* Exercise description
Each line of the data must be written out again verbatim; no image belongs in the copy.

* Data excerpt
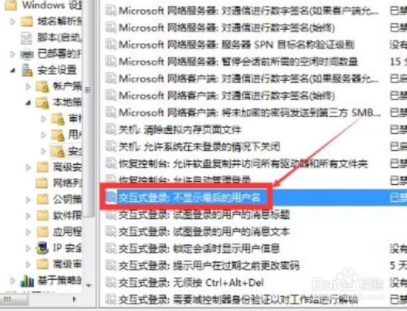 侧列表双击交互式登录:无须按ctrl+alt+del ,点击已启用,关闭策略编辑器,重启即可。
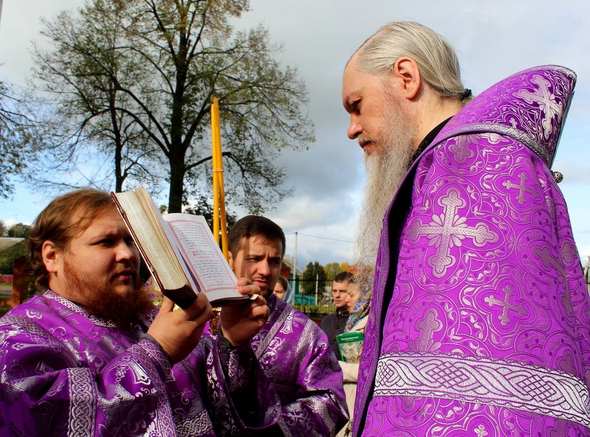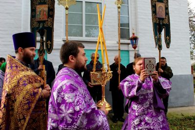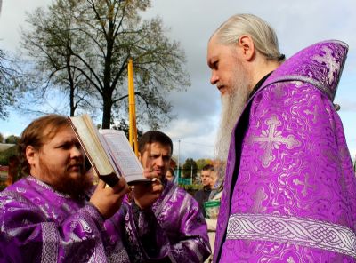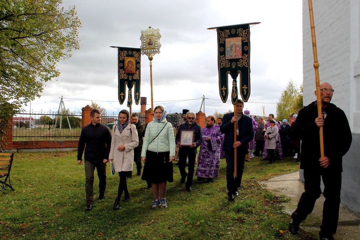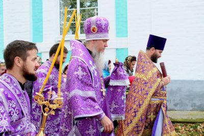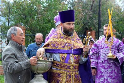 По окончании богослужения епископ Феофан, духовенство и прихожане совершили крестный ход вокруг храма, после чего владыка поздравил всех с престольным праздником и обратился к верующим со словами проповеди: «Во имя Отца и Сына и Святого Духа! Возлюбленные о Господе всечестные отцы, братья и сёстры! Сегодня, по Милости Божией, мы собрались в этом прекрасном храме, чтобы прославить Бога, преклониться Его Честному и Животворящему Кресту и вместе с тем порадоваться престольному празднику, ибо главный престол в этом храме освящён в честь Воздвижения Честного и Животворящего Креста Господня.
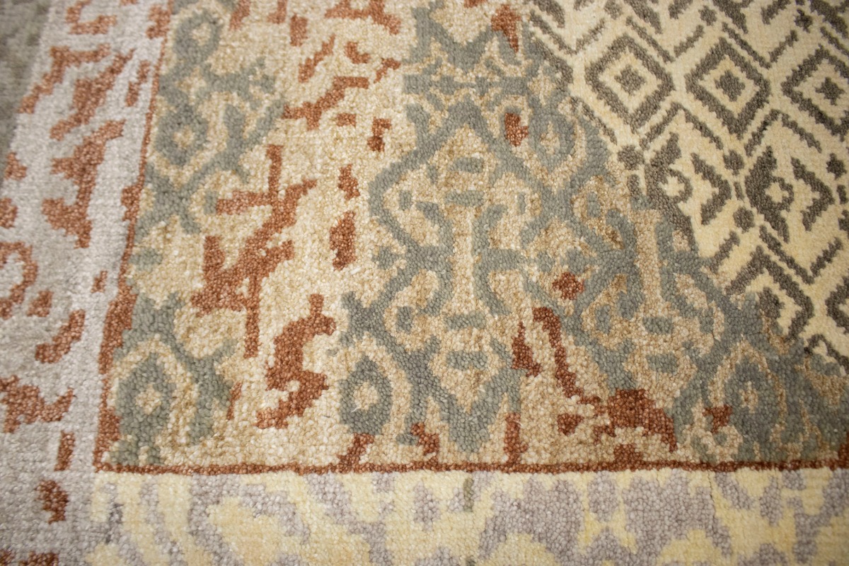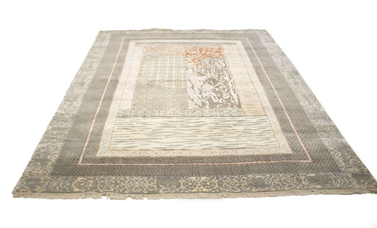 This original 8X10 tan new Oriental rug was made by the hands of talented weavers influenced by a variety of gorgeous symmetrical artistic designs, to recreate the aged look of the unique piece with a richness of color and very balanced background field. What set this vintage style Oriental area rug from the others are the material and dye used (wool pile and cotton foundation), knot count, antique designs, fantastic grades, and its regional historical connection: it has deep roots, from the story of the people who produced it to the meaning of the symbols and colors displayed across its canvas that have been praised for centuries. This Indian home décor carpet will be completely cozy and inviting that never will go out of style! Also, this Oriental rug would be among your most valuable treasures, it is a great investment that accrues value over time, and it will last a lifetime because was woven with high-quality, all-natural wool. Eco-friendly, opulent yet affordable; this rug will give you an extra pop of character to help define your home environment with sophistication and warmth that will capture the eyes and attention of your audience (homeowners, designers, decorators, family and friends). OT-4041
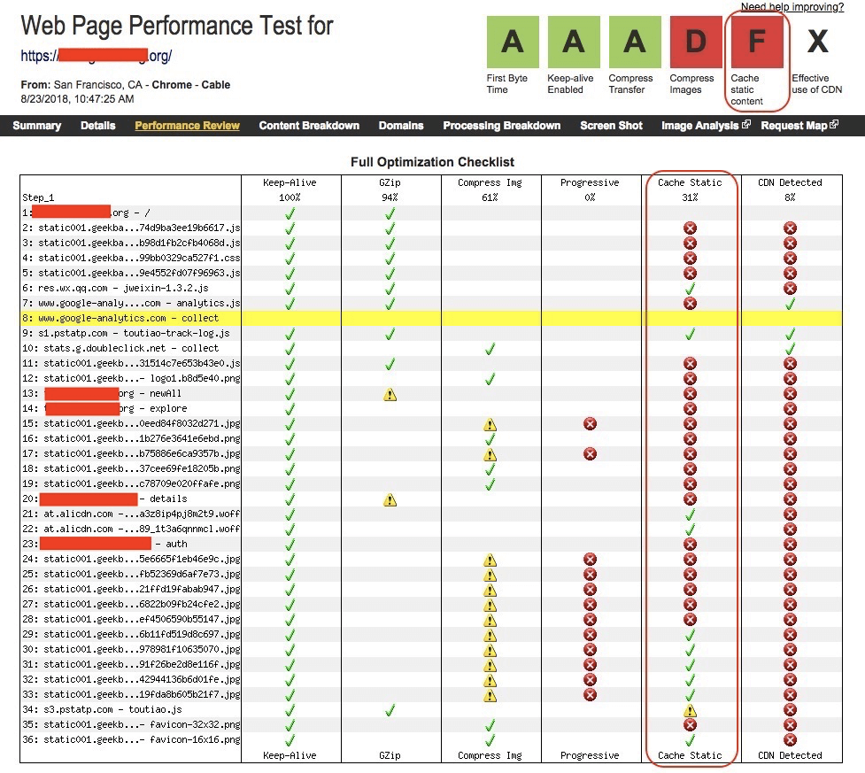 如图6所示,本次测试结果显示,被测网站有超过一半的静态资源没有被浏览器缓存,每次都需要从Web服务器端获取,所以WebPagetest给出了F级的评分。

* Response for this exercise
 侧列表双击交互式登录:无须按ctrl+alt+del ,点击已启用,关闭策略编辑器,重启即可。
 По окончании богослужения епископ Феофан, духовенство и прихожане совершили крестный ход вокруг храма, после чего владыка поздравил всех с престольным праздником и обратился к верующим со словами проповеди: «Во имя Отца и Сына и Святого Духа! Возлюбленные о Господе всечестные отцы, братья и сёстры! Сегодня, по Милости Божией, мы собрались в этом прекрасном храме, чтобы прославить Бога, преклониться Его Честному и Животворящему Кресту и вместе с тем порадоваться престольному празднику, ибо главный престол в этом храме освящён в честь Воздвижения Честного и Животворящего Креста Господня.
 This original 8X10 tan new Oriental rug was made by the hands of talented weavers influenced by a variety of gorgeous symmetrical artistic designs, to recreate the aged look of the unique piece with a richness of color and very balanced background field. What set this vintage style Oriental area rug from the others are the material and dye used (wool pile and cotton foundation), knot count, antique designs, fantastic grades, and its regional historical connection: it has deep roots, from the story of the people who produced it to the meaning of the symbols and colors displayed across its canvas that have been praised for centuries. This Indian home décor carpet will be completely cozy and inviting that never will go out of style! Also, this Oriental rug would be among your most valuable treasures, it is a great investment that accrues value over time, and it will last a lifetime because was woven with high-quality, all-natural wool. Eco-friendly, opulent yet affordable; this rug will give you an extra pop of character to help define your home environment with sophistication and warmth that will capture the eyes and attention of your audience (homeowners, designers, decorators, family and friends). OT-4041
 如图6所示,本次测试结果显示,被测网站有超过一半的静态资源没有被浏览器缓存,每次都需要从Web服务器端获取,所以WebPagetest给出了F级的评分。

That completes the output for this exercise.